%%

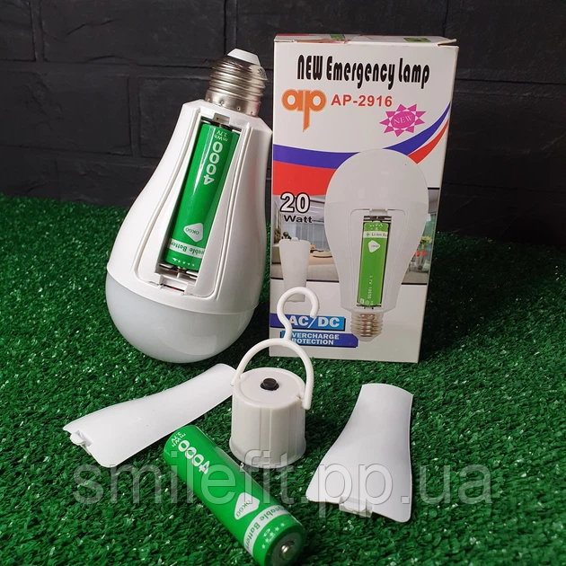 Лампа акумуляторна AP-6916 світлодіодна E27 20 W 6800 До автономна аварійна, з двома змінними акумуляторами 18650 в комплекті.
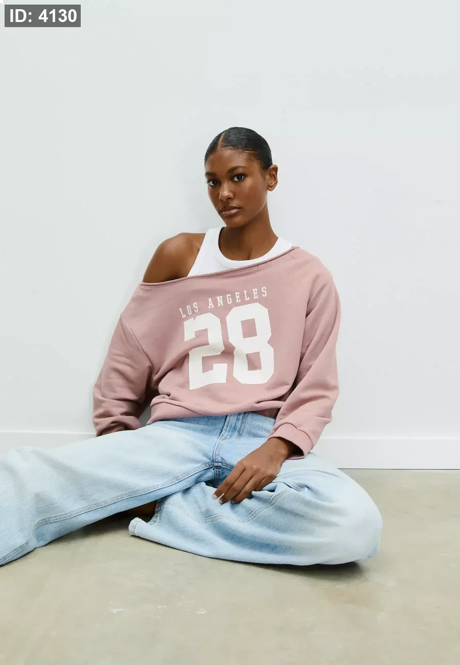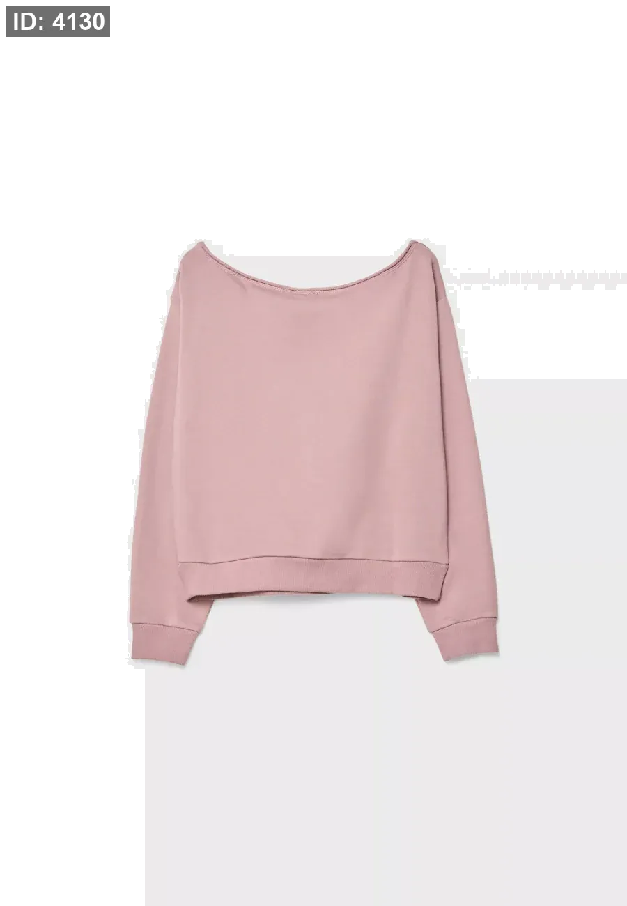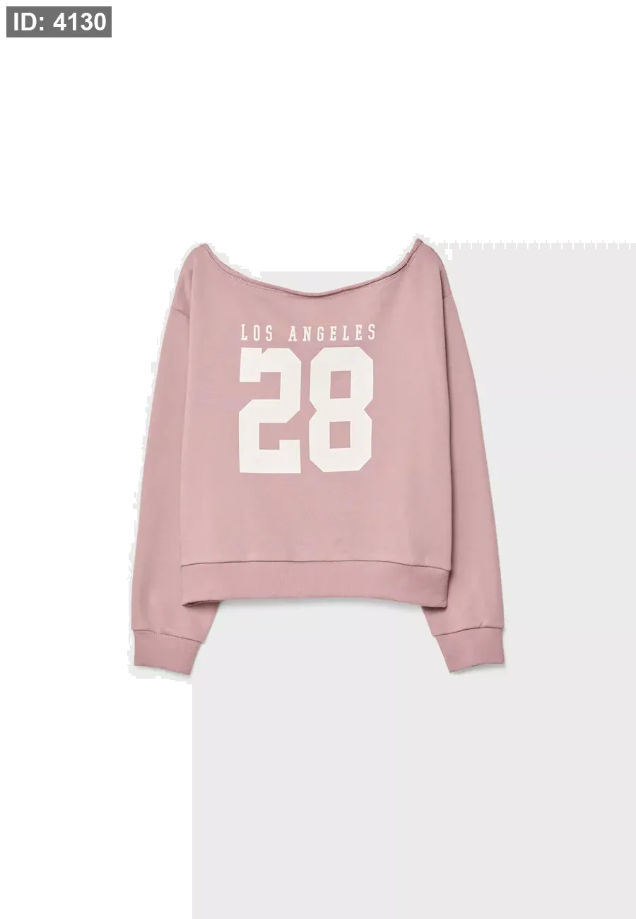 Boat neck sweatshirt with long sleeves and exposed shoulders. Print detail on the front. Ribbed trims. Available in several colours.
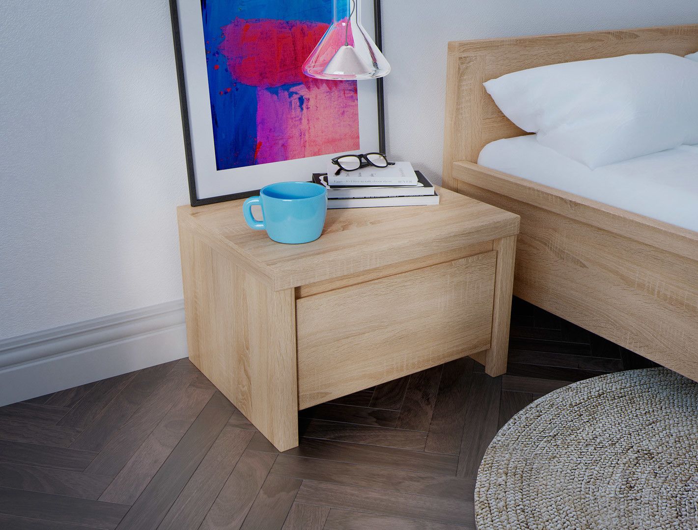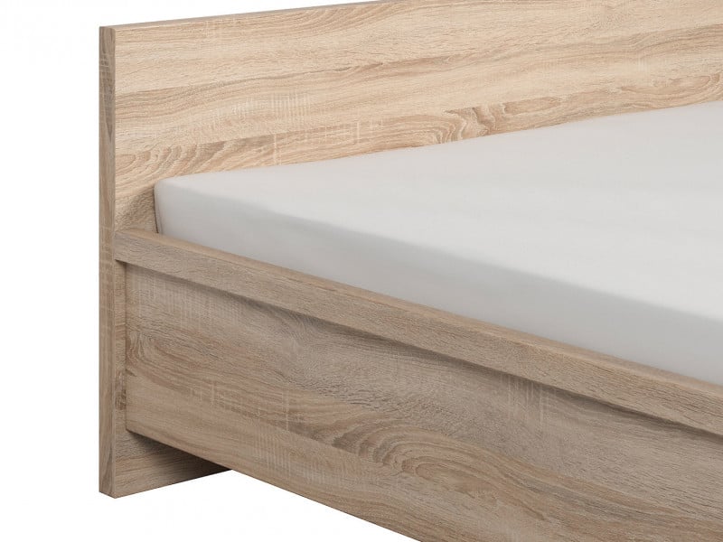Modern double bed frame and bedsides set in minimalist contemporary style and sonoma oak light wood effect finish.
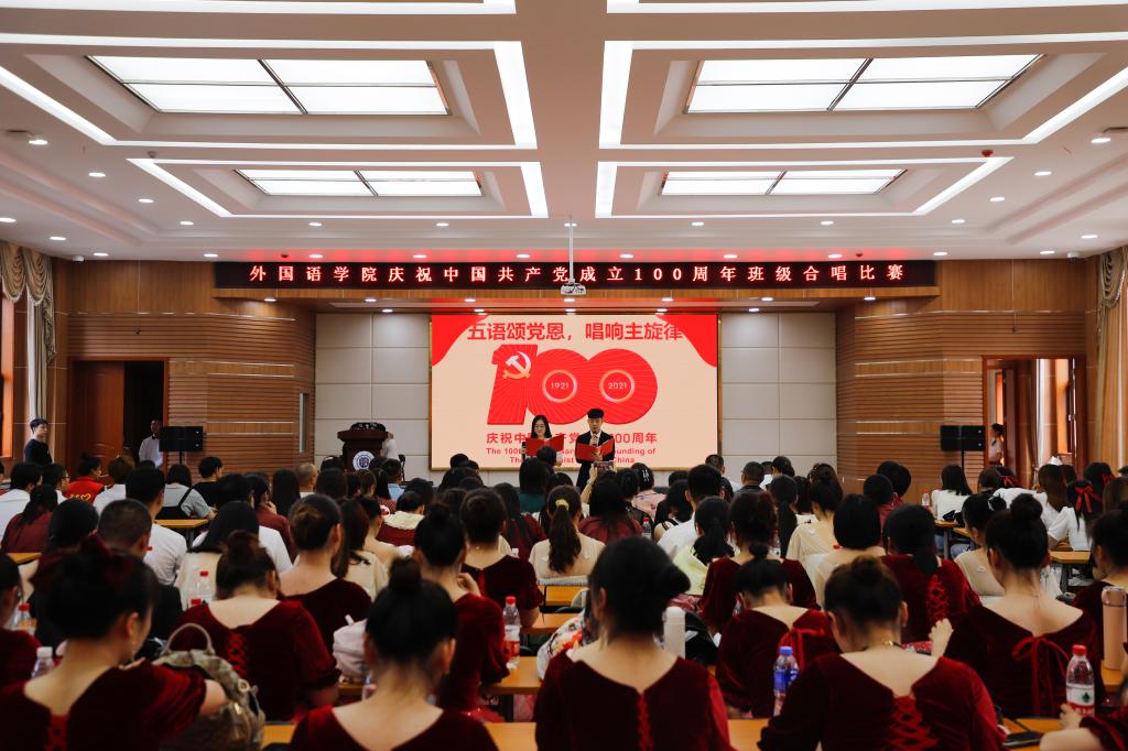 6月25日,“五语颂党恩、唱响主旋律”外国语学院庆祝中国共产党成立100周年班级合唱比赛决赛在二教报告厅成功举办。校党委常委、副校长马军党、党建武出席比赛现场。

%%

[Work item] From the line containing "Boat neck sweatshirt" to the final line above, both included, transcribe every line exactly and leave all pictures out.

[Your response]
 Boat neck sweatshirt with long sleeves and exposed shoulders. Print detail on the front. Ribbed trims. Available in several colours.
Modern double bed frame and bedsides set in minimalist contemporary style and sonoma oak light wood effect finish.
 6月25日,“五语颂党恩、唱响主旋律”外国语学院庆祝中国共产党成立100周年班级合唱比赛决赛在二教报告厅成功举办。校党委常委、副校长马军党、党建武出席比赛现场。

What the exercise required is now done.